18. The method of claim 17, wherein using the GSE thermal system of the GSE unit to regulate the battery temperature of the battery pack comprises:

using a cooling element of the GSE thermal system to cool the fluid if the first temperature measurement is higher than or equal to the predetermined battery temperature; or

using a heating element of the GSE thermal system to warm the fluid if the first temperature measurement is lower than the predetermined battery temperature.

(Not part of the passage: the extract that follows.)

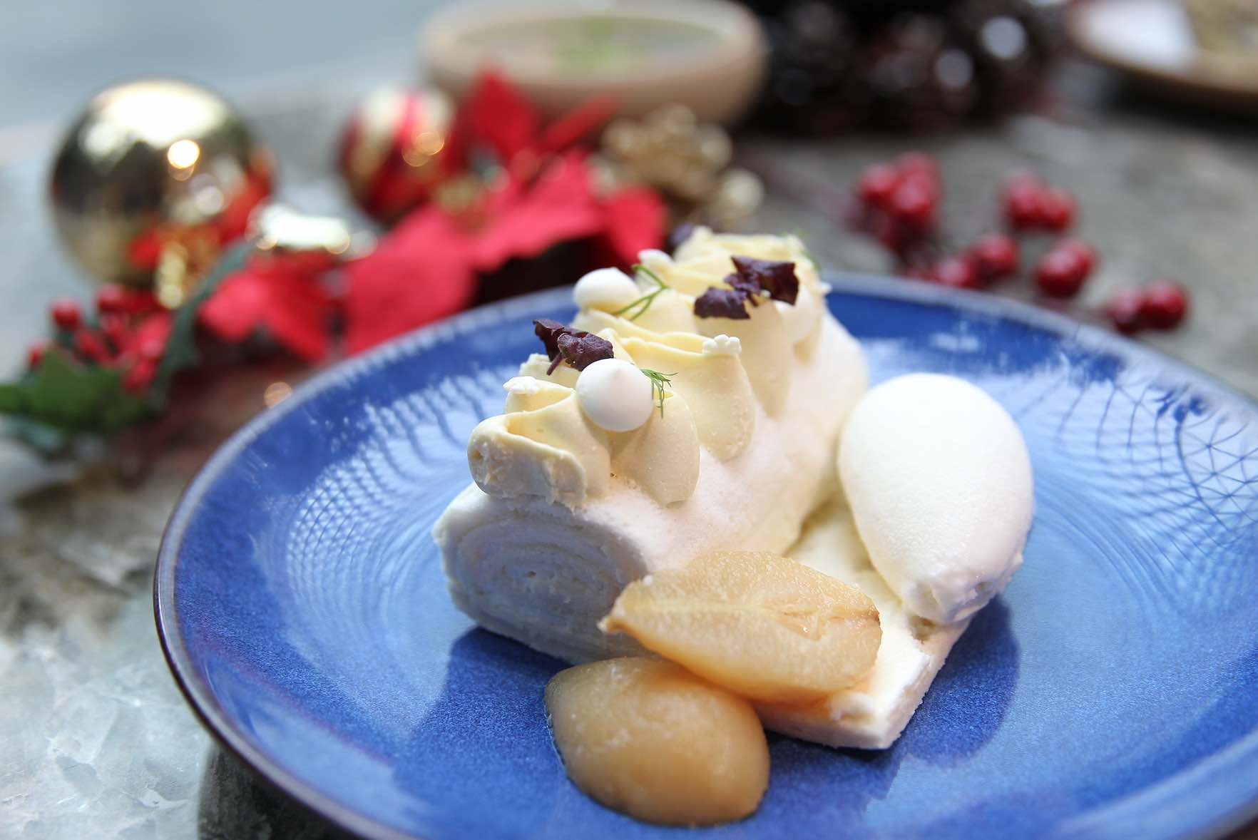 Sweet-toothed diners will enjoy “Snow White” Log Cake that is filled with a tropical soursop filling, and served with rum poached baby pear and lavender gelato.
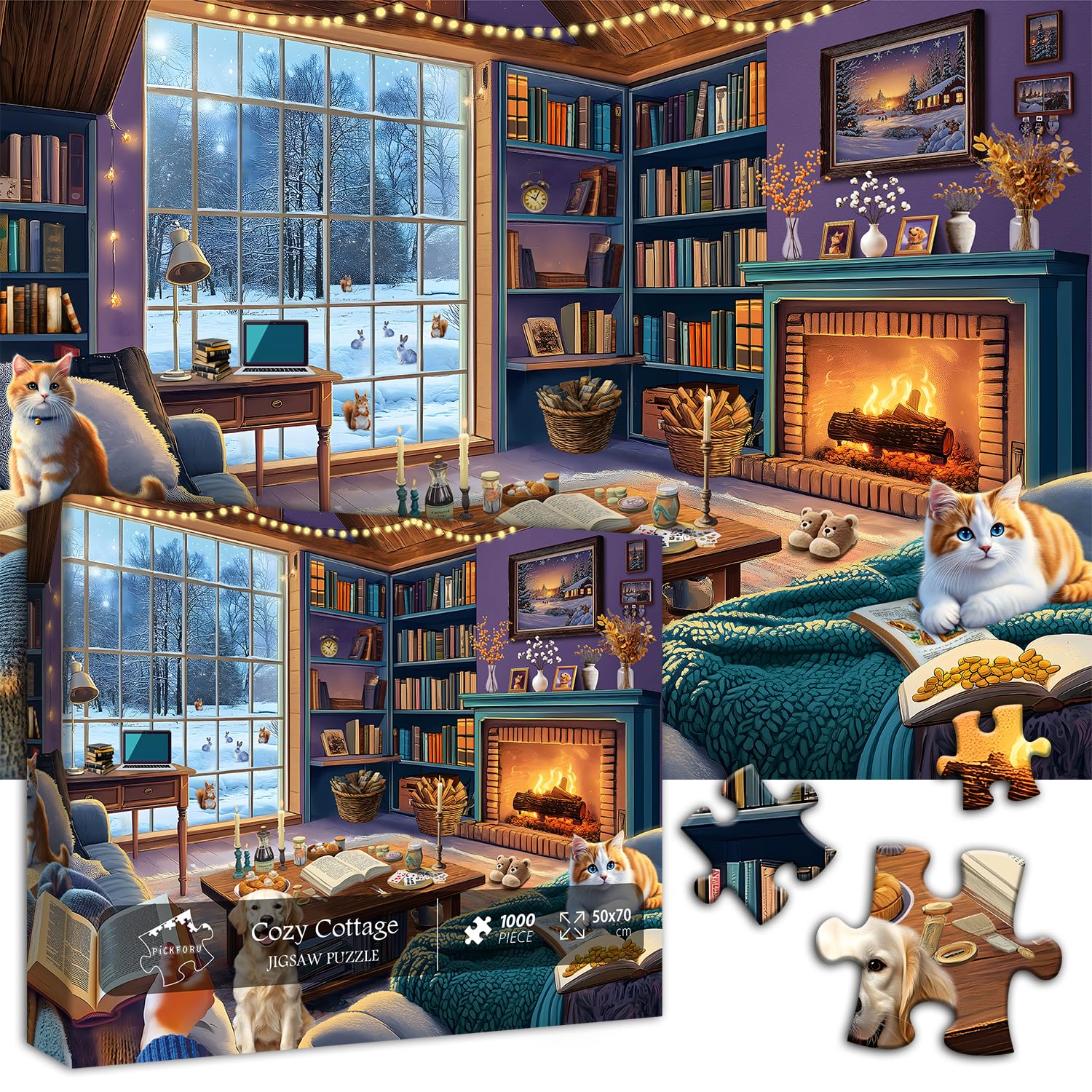 Winter Puzzles for Adults 1000 Piece, Cozy Cabin Puzzle Dog Cat Book Jigsaw Puzzle, Winter Cabin Puzzle Kittens

19. A ground support equipment (GSE) unit, comprising:

a GSE thermal loop coupled to one or more channels of a battery pack onboard an aircraft, wherein the GSE thermal loop is configured to allow fluid from the one or more channels to circulate therein;

a GSE thermal system coupled to the GSE thermal loop, wherein the GSE thermal system is configured to regulate a battery temperature of the battery pack, and wherein the GSE thermal system is configured to regulate the battery temperature prior to the aircraft using a cabin thermal management system to regulate a cabin temperature; and

a power system configured to supply power to one or more electric components of the aircraft and configured to recharge the battery pack.

20. The system of claim 19, wherein the GSE thermal system comprises:

a cooling element configured to cool the fluid circulating in the GSE thermal loop before the fluid flows back to the one or more channels; and

a heating element configured to warm the fluid circulating in the GSE thermal loop before the fluid flows back to the one or more channels.